Print the lines in the listing below starting at the line with "筻口鎮(zhèn)農(nóng)推中心2018年度收支預算計劃總表" and ending at the line with "纏繞墊片是指用金屬帶(一般是", both included. Reproduce them exactly and omit every picture.

DATA SUPPLIED:
........

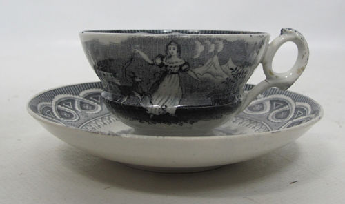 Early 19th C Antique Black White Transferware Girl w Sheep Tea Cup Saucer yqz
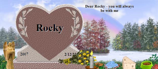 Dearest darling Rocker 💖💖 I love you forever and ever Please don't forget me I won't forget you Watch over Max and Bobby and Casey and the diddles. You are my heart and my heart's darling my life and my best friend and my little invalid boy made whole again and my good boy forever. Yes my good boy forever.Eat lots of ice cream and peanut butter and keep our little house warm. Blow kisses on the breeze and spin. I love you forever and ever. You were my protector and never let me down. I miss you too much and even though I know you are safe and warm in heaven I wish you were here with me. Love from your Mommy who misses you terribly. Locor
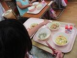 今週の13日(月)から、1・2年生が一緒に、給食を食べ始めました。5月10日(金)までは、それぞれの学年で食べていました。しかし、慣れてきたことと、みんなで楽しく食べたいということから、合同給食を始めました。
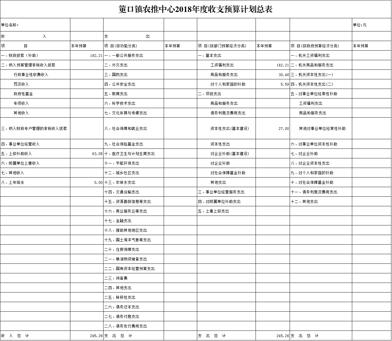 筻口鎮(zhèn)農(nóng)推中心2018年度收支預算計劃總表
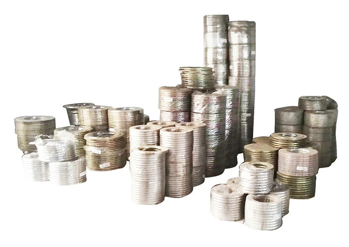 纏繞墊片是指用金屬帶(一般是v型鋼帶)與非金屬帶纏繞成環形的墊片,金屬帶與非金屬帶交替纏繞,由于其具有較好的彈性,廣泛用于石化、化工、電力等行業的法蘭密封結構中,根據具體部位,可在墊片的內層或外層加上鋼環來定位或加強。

........

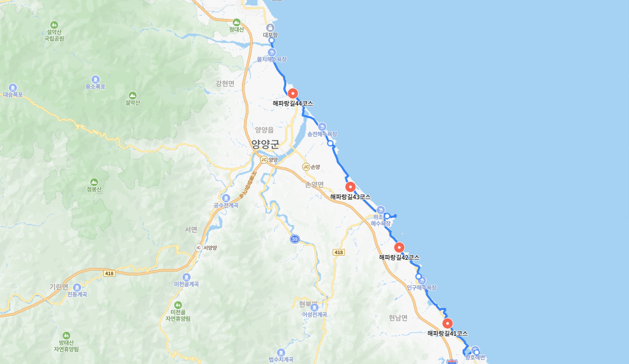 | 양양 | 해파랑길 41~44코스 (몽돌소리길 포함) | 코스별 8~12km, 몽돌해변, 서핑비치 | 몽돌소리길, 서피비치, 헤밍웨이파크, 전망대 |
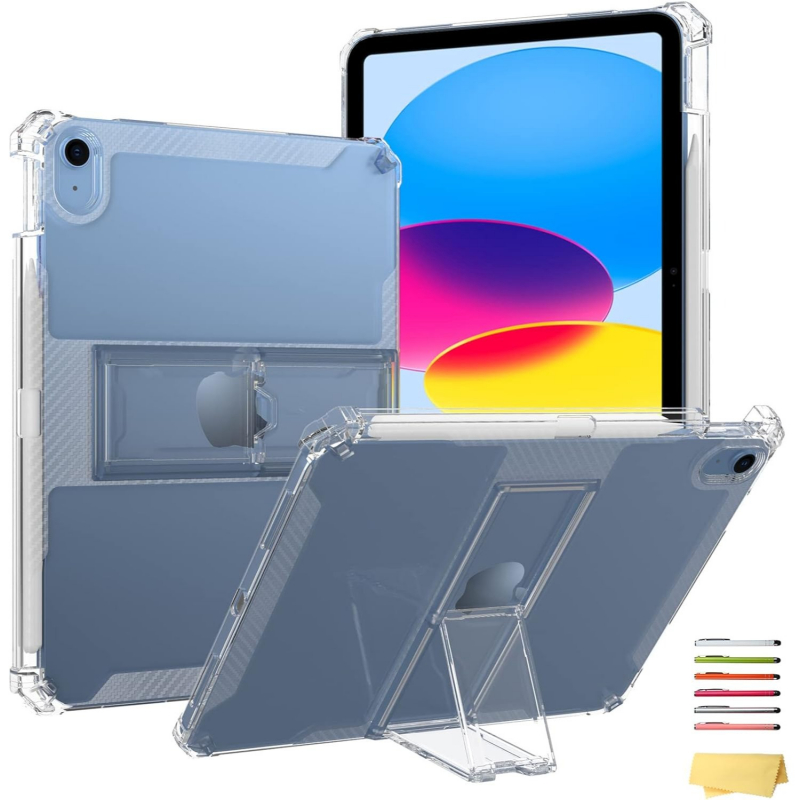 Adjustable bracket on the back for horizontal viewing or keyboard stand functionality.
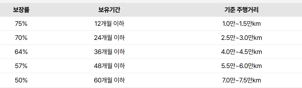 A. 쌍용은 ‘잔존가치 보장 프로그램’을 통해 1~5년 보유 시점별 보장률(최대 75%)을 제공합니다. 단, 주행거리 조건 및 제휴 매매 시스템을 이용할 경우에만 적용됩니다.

........

ANSWER TO THIS EXERCISE:
 筻口鎮(zhèn)農(nóng)推中心2018年度收支預算計劃總表
 纏繞墊片是指用金屬帶(一般是v型鋼帶)與非金屬帶纏繞成環形的墊片,金屬帶與非金屬帶交替纏繞,由于其具有較好的彈性,廣泛用于石化、化工、電力等行業的法蘭密封結構中,根據具體部位,可在墊片的內層或外層加上鋼環來定位或加強。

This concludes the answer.